Israel’s temple in the Bible is described as the place where God’s space and humanity’s space are one. In fact, the whole biblical drama can be told as a story about God’s temple.
In this video, we explore how Israel’s temple in the Bible is described as the place where God’s space and humanity’s space are one. In fact, the whole biblical drama can be told as a story about God’s temple. In the opening pages of Genesis, God creates a cosmic temple, and in the person of Jesus, God takes up personal residence in his temple-world. By the end of the biblical story, all of creation has become God’s sacred temple. There is so much to discover about this rich biblical theme. Let's jump in.Video Details
The temple is a place where heaven and earth meet.
The ancient Israelite temple was a gigantic symbol that visualized God’s desire to live together with his human creatures and rule the world through them.
If you were to ask any ancient Israelite to tell you the most important place on earth, you would get a clear and consistent answer: the temple in Jerusalem. It’s the place where heaven and earth meet, where the creator God has chosen to take up residence among his people. It’s a sacred place where Israel’s priestly representatives enter into God’s presence on their behalf to express thanks, confession, and praise. This building attracted Israelite pilgrims for centuries and was a cornerstone of their covenant relationship with God.
Was the temple just a building?
But this amazing building did even more. It told a story through its visual symbolism, a story that reaches back to the beginning of humanity’s story as told in Genesis chs. 1-3. There God appoints humanity as his royal and priestly representatives to rule the world on his behalf. And when the biblical authors start describing creation and the garden of Eden, any ancient Israelite reader would have understood these as temple images.
The seven-day sequence of creation in Genesis ch. 1 outlines the daily, weekly, and monthly calendar of temple worship for the Israelites. And the garden of Eden is described with imagery that anticipates the gold, jewels, angels, and garden symbolism that permeated the temple. Eden was where God commissioned humanity to rule the world, and it’s where humans rebelled and did what was right in their own eyes.
This resulted in humanity’s exile from God’s presence, estrangement from one another, and from creation itself.

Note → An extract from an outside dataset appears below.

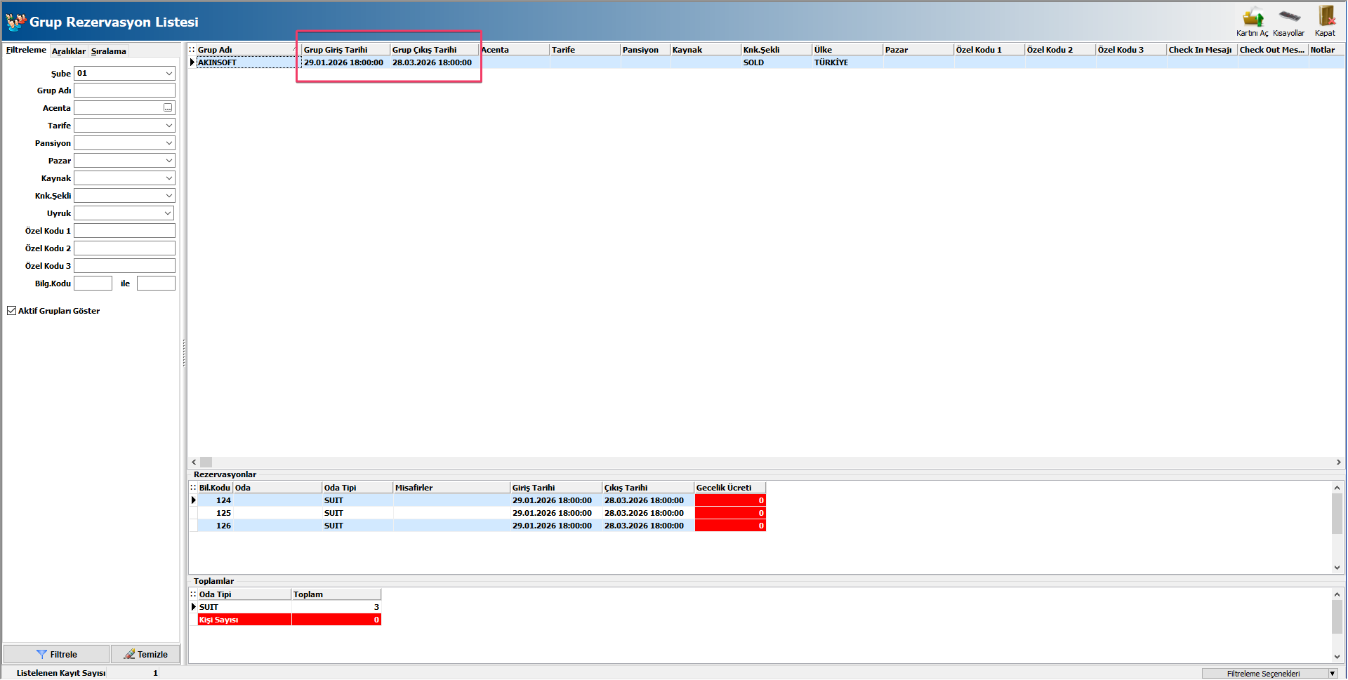 Varsayılan olarak, günün tarihine göre çalışır ve alt filtreleme alanında bugün giriş yapacak misafirleri listeler. Dilerseniz tarih bölümünü ve alt rezervasyon alanından istediğiniz durumu seçebilirsiniz. Bu ekrandan;

But in the biblical story God isn’t giving up on humanity. He chooses one family out of the nations and eventually comes to take up residence in their midst, first in a mobile-temple structure called the Tabernacle, and later in the temple of Jerusalem. These spaces were designed as micro-Edens, and the priests who worked inside were symbolic representatives of Adam and Eve. The temple was a sacred re-enactment of humanity’s return to the garden, to live together with God in peace. In this way, the temple was a prophetic symbol that pointed forward to the day when not just a select few priests, but everyone could enter into the divine presence in a renewed creation.
The Temple during Exile
But it didn’t last. The biblical books of Joshua through 2 Kings tell the story of how Israel entered into the Promised Land, rebelled against their God, and dishonored the temple in Jerusalem. And so, after centuries of patient waiting, God handed Israel and its temple over to the imperial powers of Assyria and Babylon, who plundered and destroyed the temple and exiled Israel far from their homeland. Israel replayed the rebellion of Adam and Eve and suffered a similar result. And even though many Israelites eventually returned back to Jerusalem and rebuilt a smaller temple, the Israelites never experienced God’s presence there in the same way. This is why the biblical prophets spoke of a future temple when Israel’s God would return and take up residence once more among his people.
Jesus as a New Temple
All of this is crucial for understanding the story of Jesus. The Gospel of John opens by telling us that Jesus of Nazareth was the glorious temple presence of Israel’s God embodied as a human being. “The Word became flesh and pitched a tent among us, and we saw his glory” (John 1:14). With these words, Jesus is described as the Tabernacle, as the divine temple glory that has become human. The claim is that Jesus is the ultimate reality to which the temple pointed all along. In fact, Jesus said that he was “one greater than the temple” (Matthew 12:6). It’s in Jesus that heaven and earth—God and humanity—have become one. Jesus was claiming to be the true royal-priest, the human who would partner with God and rule creation. Jesus is a human temple.
The Renewed Temple
And this has huge significance for his followers. When the Holy Spirit came to take up residence among Jesus’ followers at Pentecost, God’s fiery appearance recalls when he came to dwell in the Jerusalem temple (see 1 Kings 8 and Acts 2). This also helps us understand why Jesus’ earliest followers described themselves as human temples. The apostle Peter called Jesus’ people “living stones who are built up as a spiritual temple as a holy priesthood, to offer spiritual sacrificed acceptable to God through Jesus the Messiah” (1 Peter 2:5). Through Jesus, humanity is invited to reclaim their original calling, to rule the world together in partnership with God.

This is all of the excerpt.